**Task to carry out:**
When you reach the line with "This blouse gives", transcribe it and each line after it through the last one below, exactly. Pictures stay out.

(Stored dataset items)

# # # # #

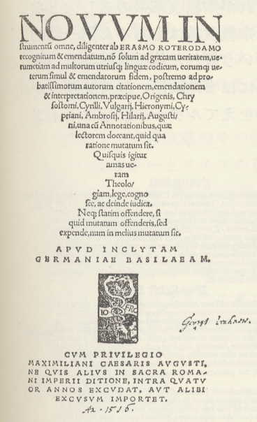 - 下は、エラスムス校訂「新約聖書」【1516】
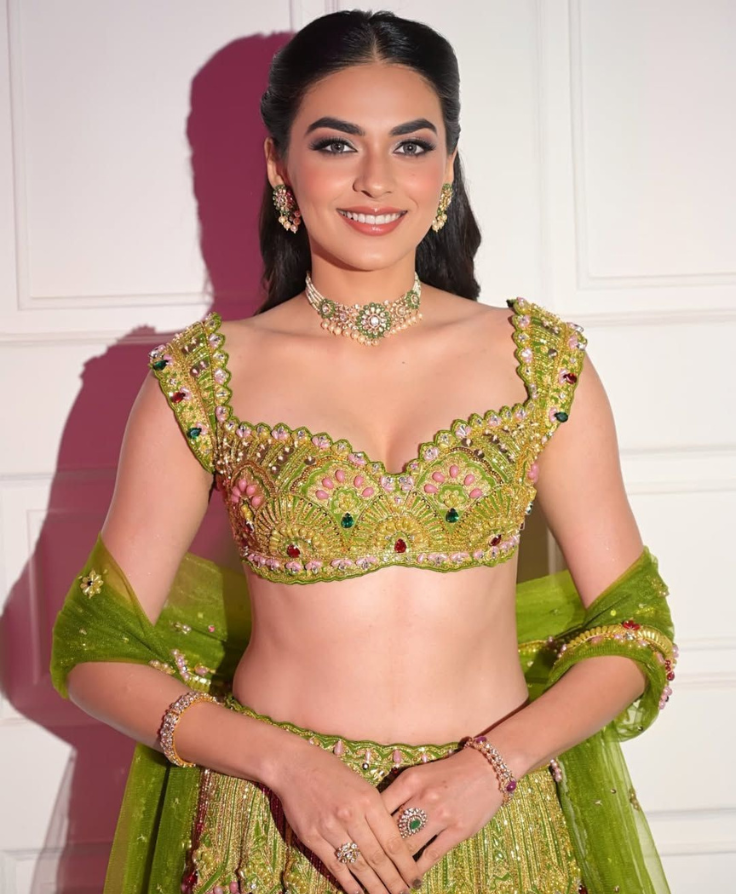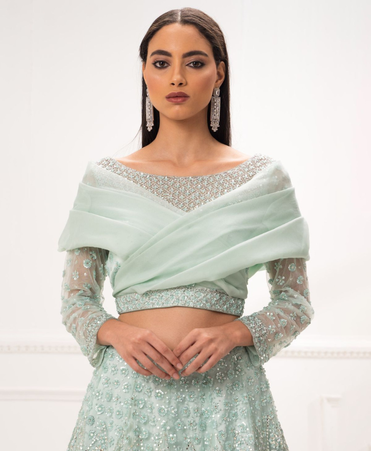 This blouse gives off cool, modern vibes! The lime green color, bralette style, and boat neck design make it perfect for a beachside mehendi or a fun haldi by the pool.
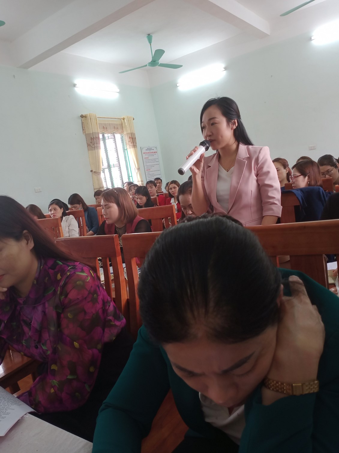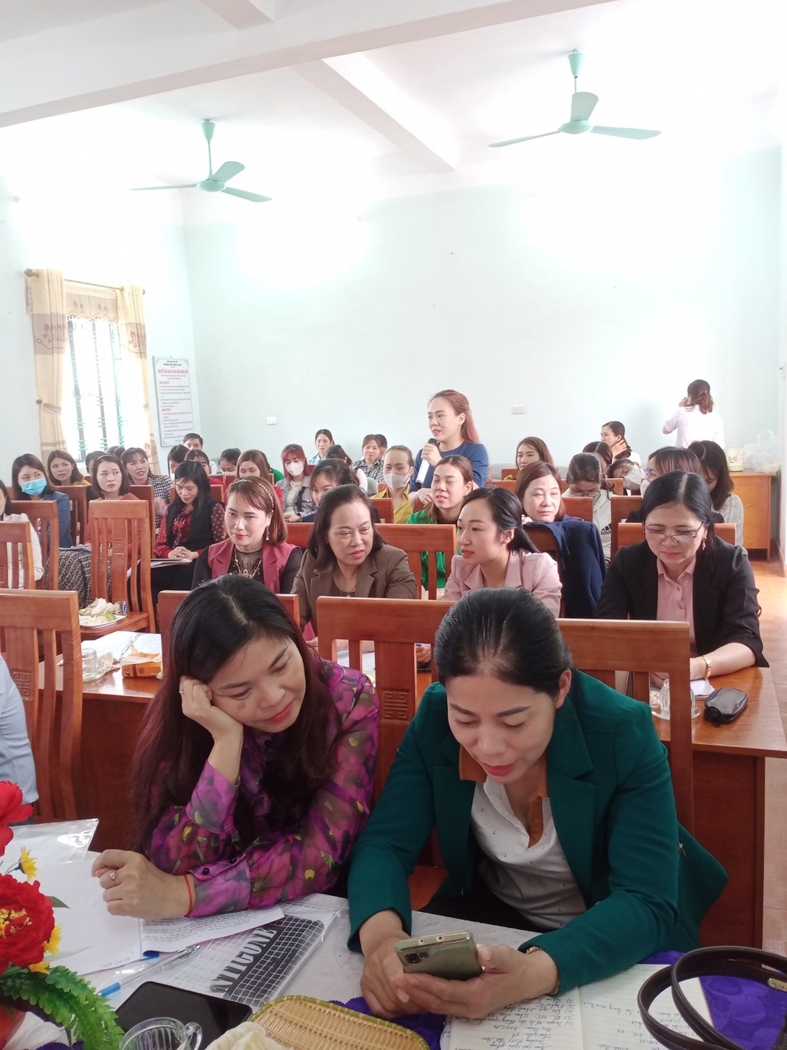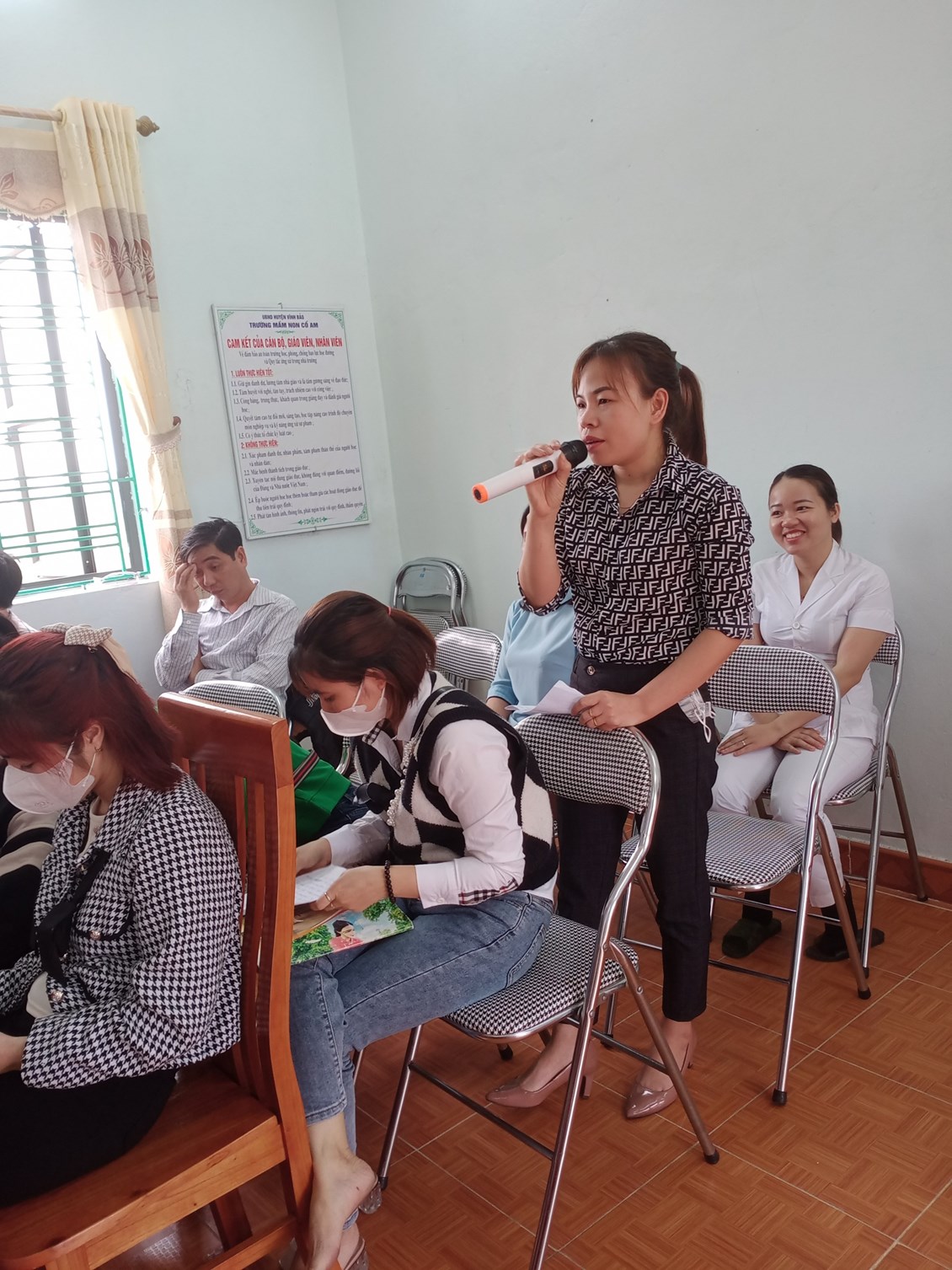 Sau khi dự các hoạt động, các đại biểu nghe đồng chí Vũ Thị Nguyệt- hiệu trưởng nhà trường trình bày báo cáo kết quả thực hiện giải pháp. Các vị đại biểu thảo luận, trao đổi ý kiến, rút kinh nghiệm các hoạt động được dự giờ, thăm quan.
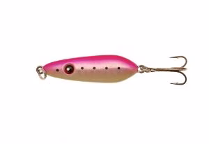 Lo Steel Dog di T-Fishing Extreme è un metal jig che ha la caratteristica di avere una smussatura interna molto pronunciata su un lato. Questo disegno gli conferisce una azione di nuoto irregolare, ma estremamente lenta durante le pause, con ondeggiamenti seducenti. A potenziare l'effetto visivo, questa depressione interna presenta una verniciatura holografica, che aumenta totalmente il flashing. Si presa sia ad essere usato come casting jig da costa che ad essere lanciato sulle mangianze. Montato con split rings di qualità ed ancorette affilate chimicamente VMC. Disponibile in due diverse misure.
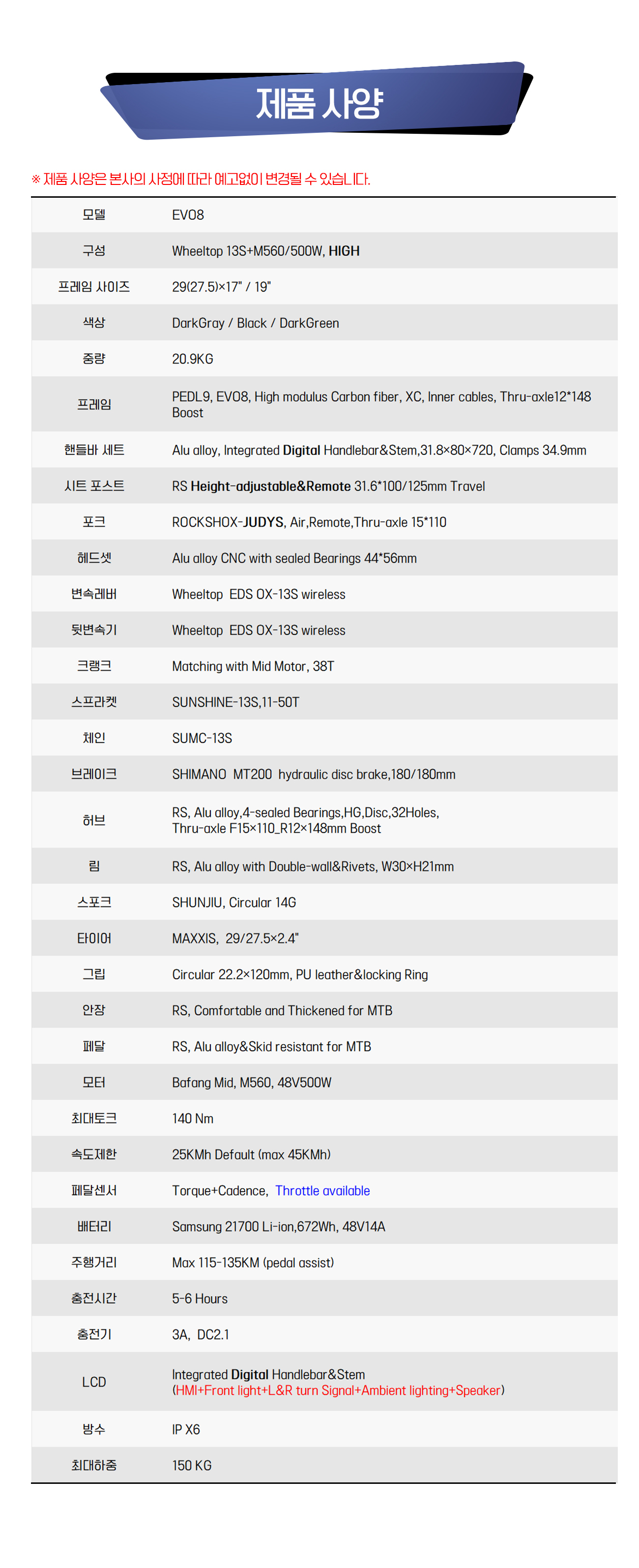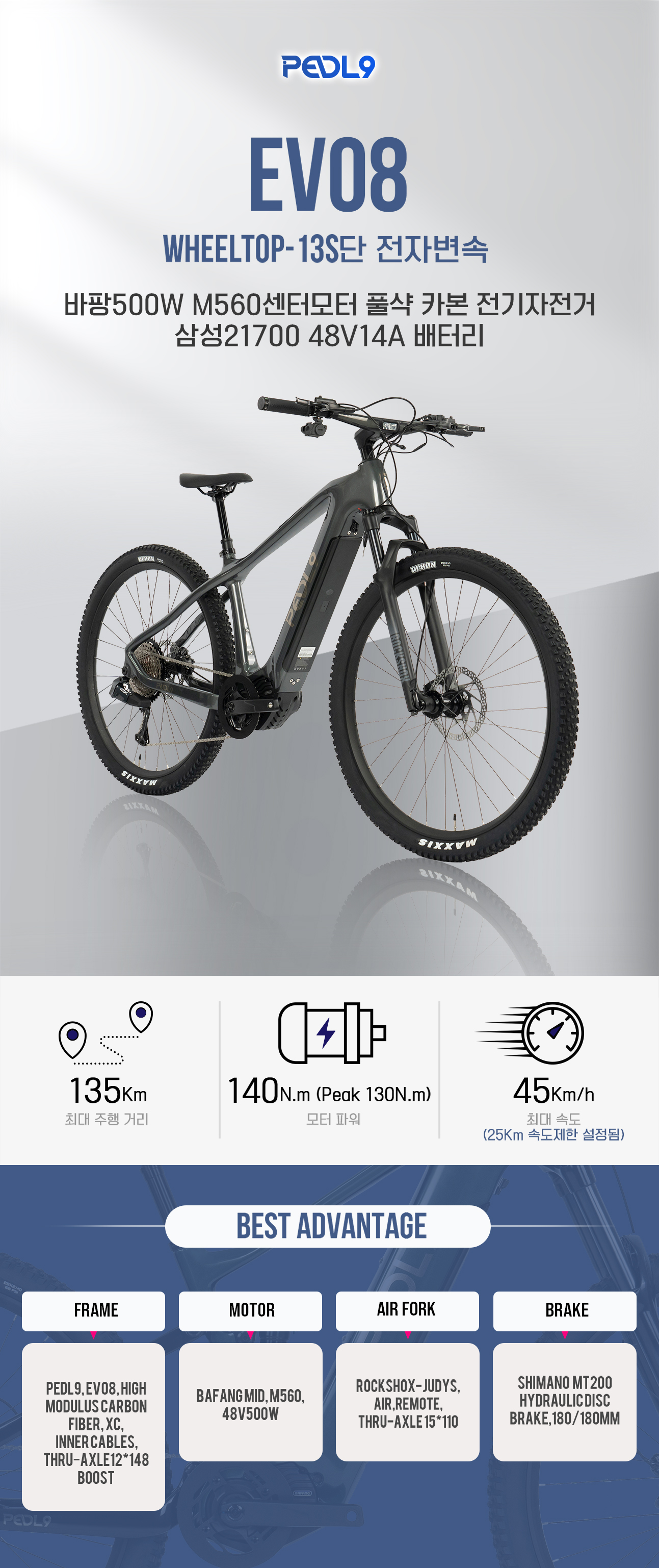 PEDL9 전기자전거 EVO8 EDS OX13단 전자변속 풀카본 바팡M560 500W센터모터 락샥 디지털핸들바 가변싯포

# # # # #

**Solution for this task:**
 This blouse gives off cool, modern vibes! The lime green color, bralette style, and boat neck design make it perfect for a beachside mehendi or a fun haldi by the pool.
 Sau khi dự các hoạt động, các đại biểu nghe đồng chí Vũ Thị Nguyệt- hiệu trưởng nhà trường trình bày báo cáo kết quả thực hiện giải pháp. Các vị đại biểu thảo luận, trao đổi ý kiến, rút kinh nghiệm các hoạt động được dự giờ, thăm quan.
 Lo Steel Dog di T-Fishing Extreme è un metal jig che ha la caratteristica di avere una smussatura interna molto pronunciata su un lato. Questo disegno gli conferisce una azione di nuoto irregolare, ma estremamente lenta durante le pause, con ondeggiamenti seducenti. A potenziare l'effetto visivo, questa depressione interna presenta una verniciatura holografica, che aumenta totalmente il flashing. Si presa sia ad essere usato come casting jig da costa che ad essere lanciato sulle mangianze. Montato con split rings di qualità ed ancorette affilate chimicamente VMC. Disponibile in due diverse misure.
 PEDL9 전기자전거 EVO8 EDS OX13단 전자변속 풀카본 바팡M560 500W센터모터 락샥 디지털핸들바 가변싯포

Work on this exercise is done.